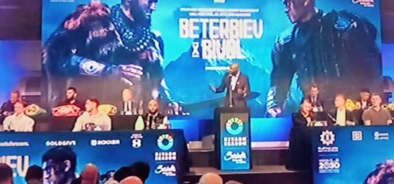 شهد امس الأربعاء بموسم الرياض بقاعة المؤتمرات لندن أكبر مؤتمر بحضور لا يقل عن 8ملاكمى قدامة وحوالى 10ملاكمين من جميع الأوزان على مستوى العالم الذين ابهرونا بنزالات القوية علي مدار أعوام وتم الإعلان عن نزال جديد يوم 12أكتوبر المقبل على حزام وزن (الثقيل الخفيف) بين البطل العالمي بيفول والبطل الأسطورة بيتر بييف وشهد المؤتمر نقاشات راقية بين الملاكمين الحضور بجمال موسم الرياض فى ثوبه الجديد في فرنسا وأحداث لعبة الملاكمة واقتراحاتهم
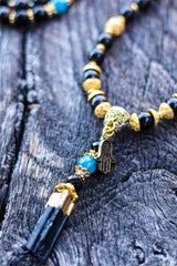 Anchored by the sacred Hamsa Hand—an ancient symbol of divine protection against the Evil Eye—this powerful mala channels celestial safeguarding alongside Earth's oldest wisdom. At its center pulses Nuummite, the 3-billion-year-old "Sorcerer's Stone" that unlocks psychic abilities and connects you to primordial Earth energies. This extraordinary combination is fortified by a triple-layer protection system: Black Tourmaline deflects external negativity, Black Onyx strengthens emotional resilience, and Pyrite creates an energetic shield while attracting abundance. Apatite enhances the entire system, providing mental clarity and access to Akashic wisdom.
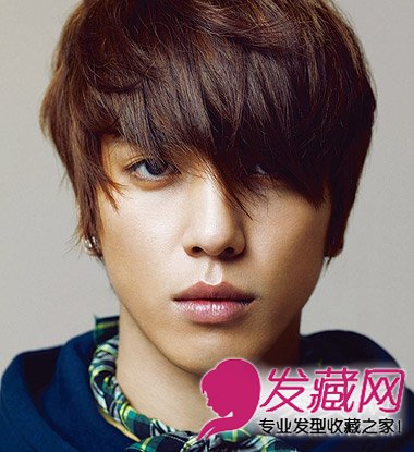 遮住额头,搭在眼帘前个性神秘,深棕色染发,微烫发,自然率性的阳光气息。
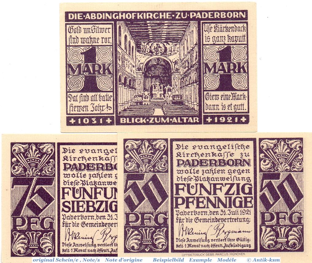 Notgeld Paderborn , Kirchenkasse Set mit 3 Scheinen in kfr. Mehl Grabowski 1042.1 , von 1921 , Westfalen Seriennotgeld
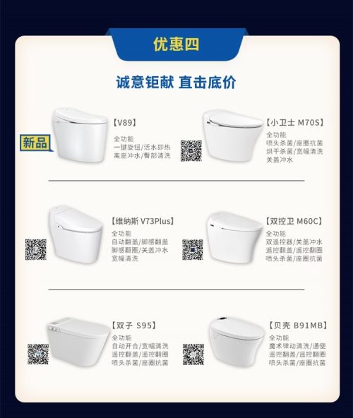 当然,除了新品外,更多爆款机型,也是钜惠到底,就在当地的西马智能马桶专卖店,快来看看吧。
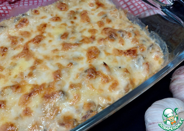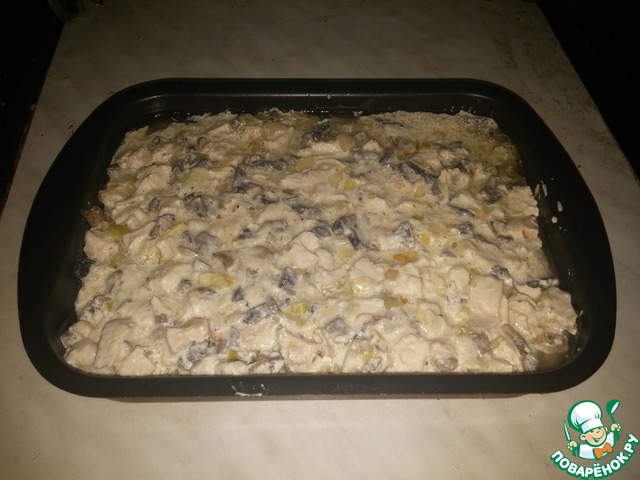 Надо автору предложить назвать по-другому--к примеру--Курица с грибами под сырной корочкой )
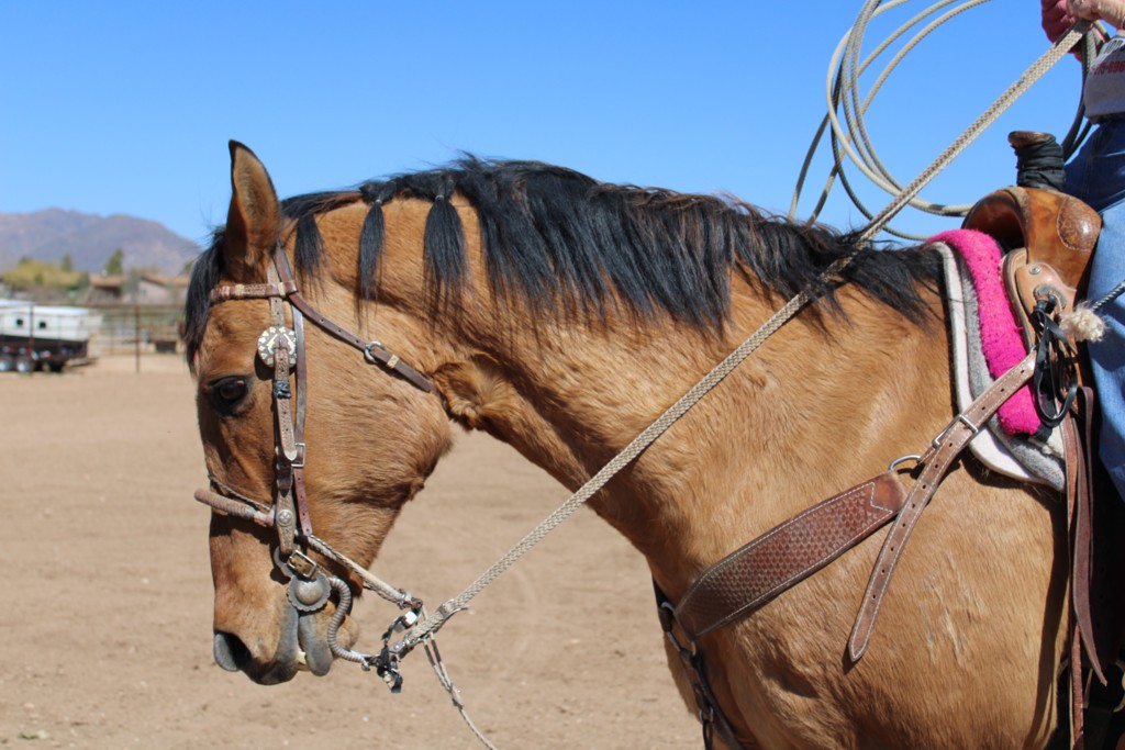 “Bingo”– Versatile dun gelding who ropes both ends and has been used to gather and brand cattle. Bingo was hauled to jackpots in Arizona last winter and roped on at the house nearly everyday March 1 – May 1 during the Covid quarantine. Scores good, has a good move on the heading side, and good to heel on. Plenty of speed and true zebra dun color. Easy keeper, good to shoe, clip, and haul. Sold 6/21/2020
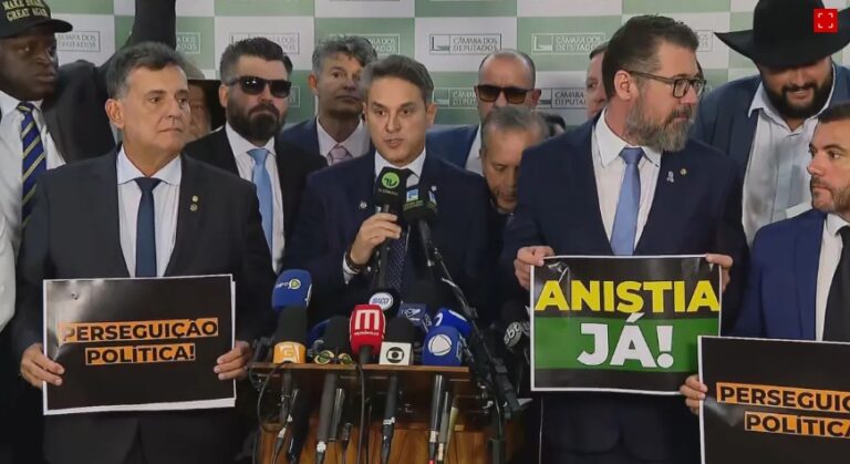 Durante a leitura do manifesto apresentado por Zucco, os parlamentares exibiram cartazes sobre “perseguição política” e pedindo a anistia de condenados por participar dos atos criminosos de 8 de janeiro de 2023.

---

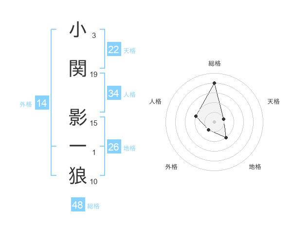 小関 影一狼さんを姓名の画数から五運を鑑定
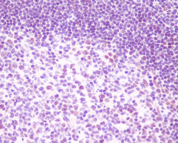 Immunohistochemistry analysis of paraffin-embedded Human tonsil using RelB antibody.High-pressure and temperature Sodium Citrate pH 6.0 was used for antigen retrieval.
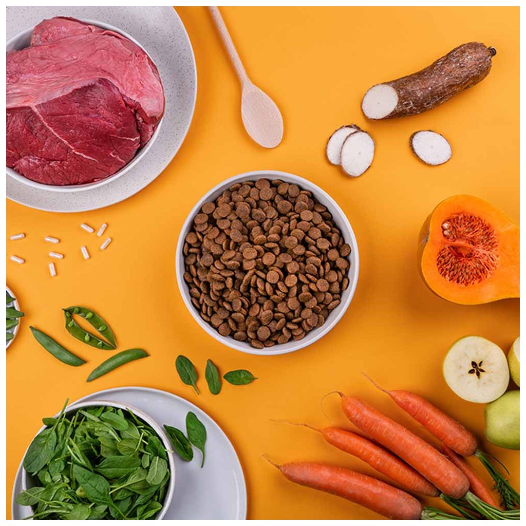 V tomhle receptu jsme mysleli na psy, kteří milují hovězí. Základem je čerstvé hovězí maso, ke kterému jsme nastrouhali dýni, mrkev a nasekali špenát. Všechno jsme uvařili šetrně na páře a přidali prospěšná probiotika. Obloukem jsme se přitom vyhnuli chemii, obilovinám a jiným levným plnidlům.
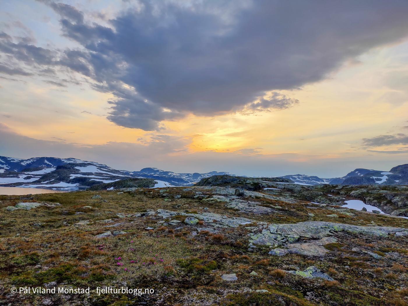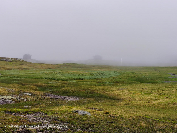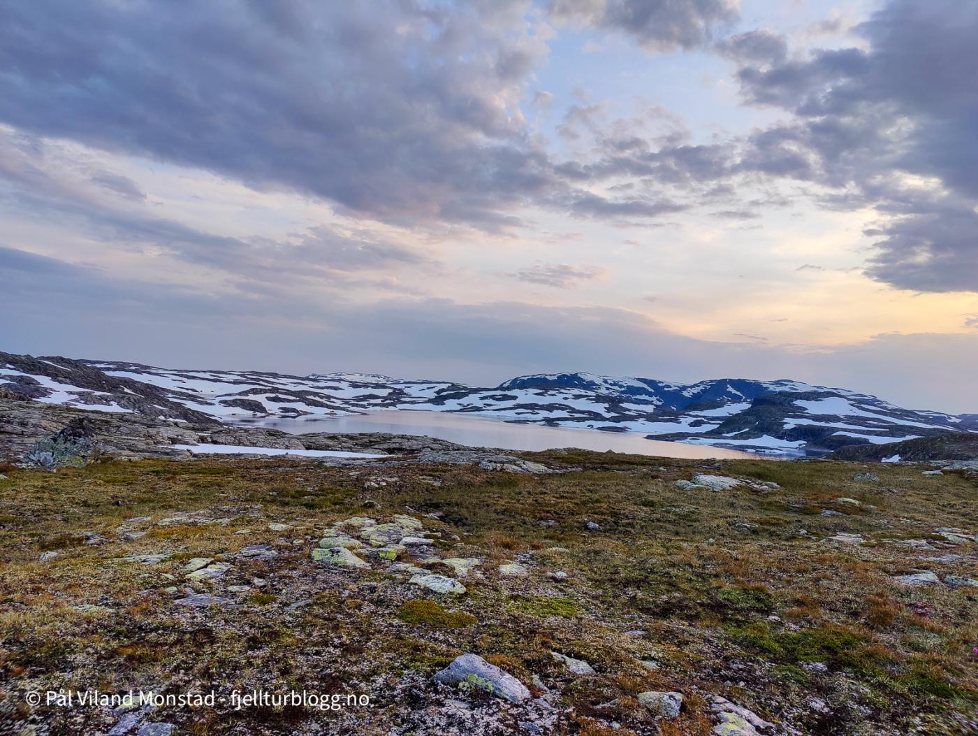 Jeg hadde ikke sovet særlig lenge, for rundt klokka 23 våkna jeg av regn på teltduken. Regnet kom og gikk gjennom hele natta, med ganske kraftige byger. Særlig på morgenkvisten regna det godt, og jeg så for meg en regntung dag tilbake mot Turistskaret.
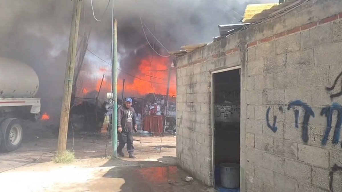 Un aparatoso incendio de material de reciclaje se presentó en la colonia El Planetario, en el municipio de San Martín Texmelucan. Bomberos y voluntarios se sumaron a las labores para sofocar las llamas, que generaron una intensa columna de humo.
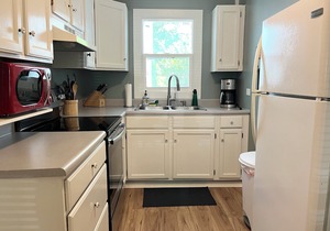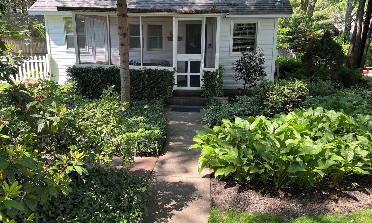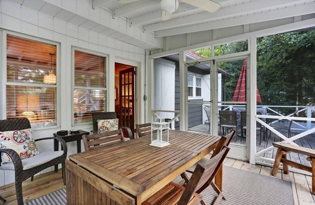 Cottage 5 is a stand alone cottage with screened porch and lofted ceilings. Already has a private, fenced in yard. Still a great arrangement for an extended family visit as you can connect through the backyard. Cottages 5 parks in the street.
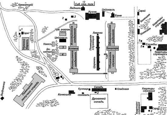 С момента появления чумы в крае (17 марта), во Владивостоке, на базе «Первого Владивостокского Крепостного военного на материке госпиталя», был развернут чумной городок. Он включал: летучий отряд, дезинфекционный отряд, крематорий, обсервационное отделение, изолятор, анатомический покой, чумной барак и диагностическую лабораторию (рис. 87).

---

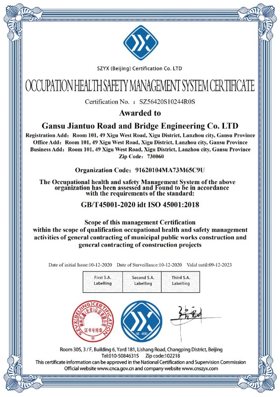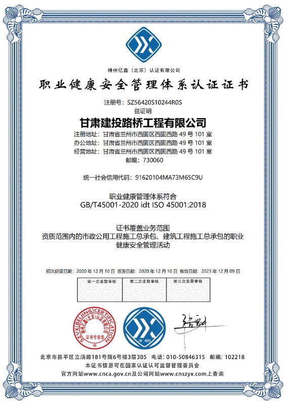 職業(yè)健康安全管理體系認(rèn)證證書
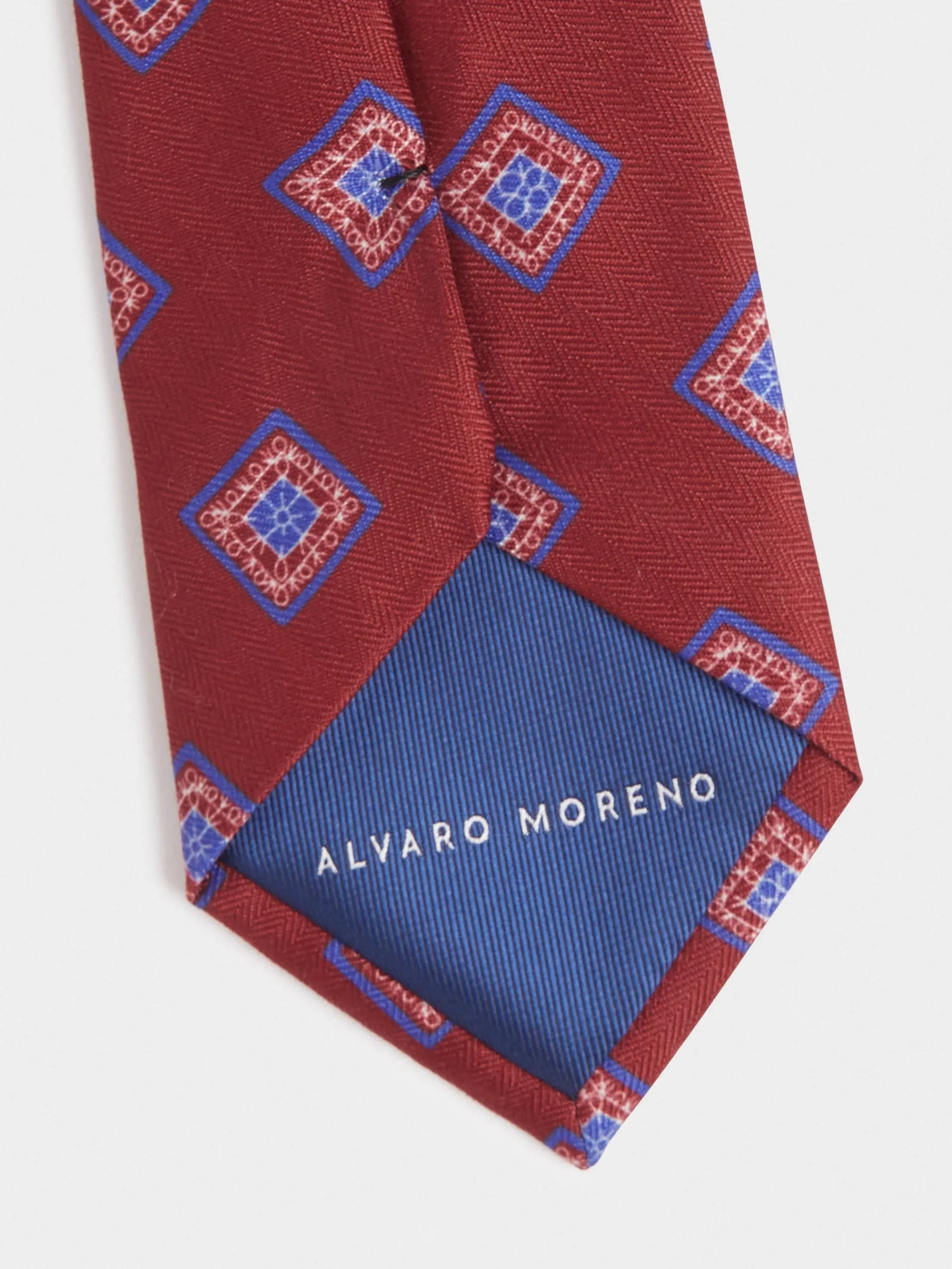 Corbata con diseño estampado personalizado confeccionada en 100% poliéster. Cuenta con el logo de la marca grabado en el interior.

Task directions: Would you copy, word for word, only the lines above from the one containing "V tomhle receptu" through the one containing "Cottage 5 is", both included, and please leave out the pictures?

Answer to this task:
 V tomhle receptu jsme mysleli na psy, kteří milují hovězí. Základem je čerstvé hovězí maso, ke kterému jsme nastrouhali dýni, mrkev a nasekali špenát. Všechno jsme uvařili šetrně na páře a přidali prospěšná probiotika. Obloukem jsme se přitom vyhnuli chemii, obilovinám a jiným levným plnidlům.
 Jeg hadde ikke sovet særlig lenge, for rundt klokka 23 våkna jeg av regn på teltduken. Regnet kom og gikk gjennom hele natta, med ganske kraftige byger. Særlig på morgenkvisten regna det godt, og jeg så for meg en regntung dag tilbake mot Turistskaret.
 Un aparatoso incendio de material de reciclaje se presentó en la colonia El Planetario, en el municipio de San Martín Texmelucan. Bomberos y voluntarios se sumaron a las labores para sofocar las llamas, que generaron una intensa columna de humo.
 Cottage 5 is a stand alone cottage with screened porch and lofted ceilings. Already has a private, fenced in yard. Still a great arrangement for an extended family visit as you can connect through the backyard. Cottages 5 parks in the street.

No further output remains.